In Ager v. Canjex Publishing Ltd., the B.C. Court of Appeal considered an appeal from a lower court ruling which found the defendants liable for defamation. The lower court awarded the following damages: general damages in the amount of $200,000.00, aggravated damages in the amount of $50,000.00 and further aggravated damages in the amount of $50,000.00 against two of the three defendants, Canjex Publishing Ltd, the owner of the publication and Mr. Woods, the editor of the publication.
The alleged defamation involved three articles that were published by the defendants and made available to subscribers, in newspaper and online form. The articles alleged that the plaintiff, a geophysicist, had misrepresented the value of mining claims to the “Josh Property” and had engaged in related fraudulent activity.
Justice Saunders dismissed the application seeking to adduce fresh evidence and upheld the finding of defamation by the lower court. However, Justice Saunders set aside the order for aggravated damages. Her reasoning followed that of the Supreme Court of Canada (SCC) in Hill v. Scientology of Toronto, where the SCC stated that “a finding of actual malice is required for an award of aggravated damages” in a defamation case. The SCC further noted that:
If aggravated damages are to be awarded, there must be a finding that the defendant was motivated by actual malice, which increased the injury to the plaintiff, either by spreading further afield the damage to the reputation of the plaintiff, or by increasing the mental distress and humiliation of the plaintiff. …. The malice may be established by intrinsic evidence derived from the libellous statement itself and the circumstances of its publication, or by extrinsic evidence pertaining to the surrounding circumstances which demonstrate that the defendant was motivated by an unjustifiable intention to injure the plaintiff.

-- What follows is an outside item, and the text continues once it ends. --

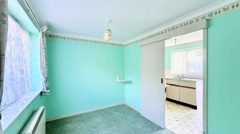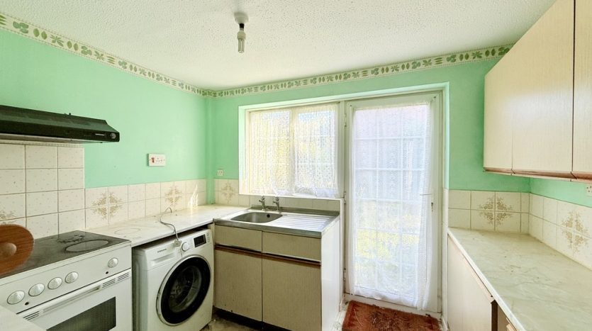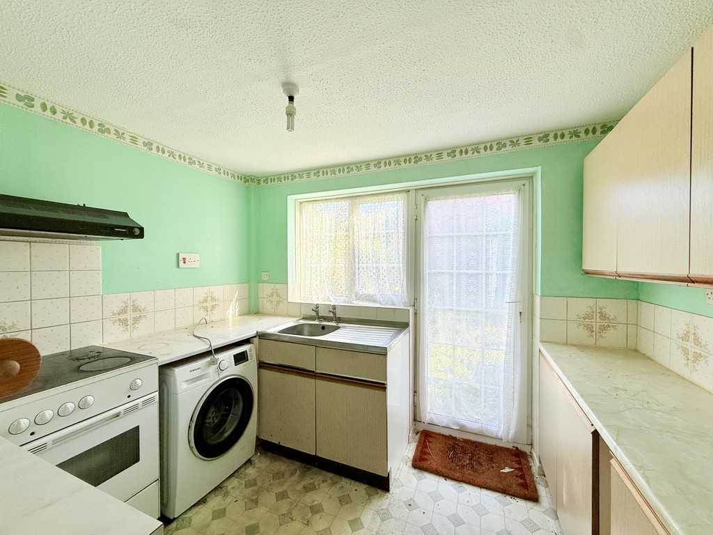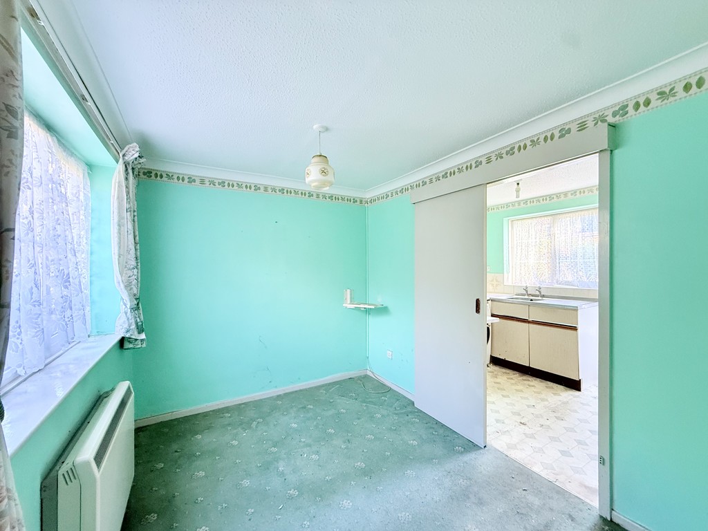 KITCHEN 9′ 8" x 7′ 1" (2.95m x 2.16m) In need of replacement, the kitchen has room for a range of base and wall units along with appliances. There is a window overlooking the rear garden and a glazed back door giving easy access to the garden, and making this a light and bright room. The kitchen space could easily be combined with the dining room to create a larger kitchen diner.

In setting aside the order for aggravated damages, Justice Saunders referred to the trial judge’s acknowledgement of the continued presence of the offending articles on the company’s website, but was of the view that it did not warrant an award of aggravated damages. She noted that retention of the articles on the website is not synonymous with actual malice and that, absent a finding of actual malice, there is no support for an award of aggravated damages.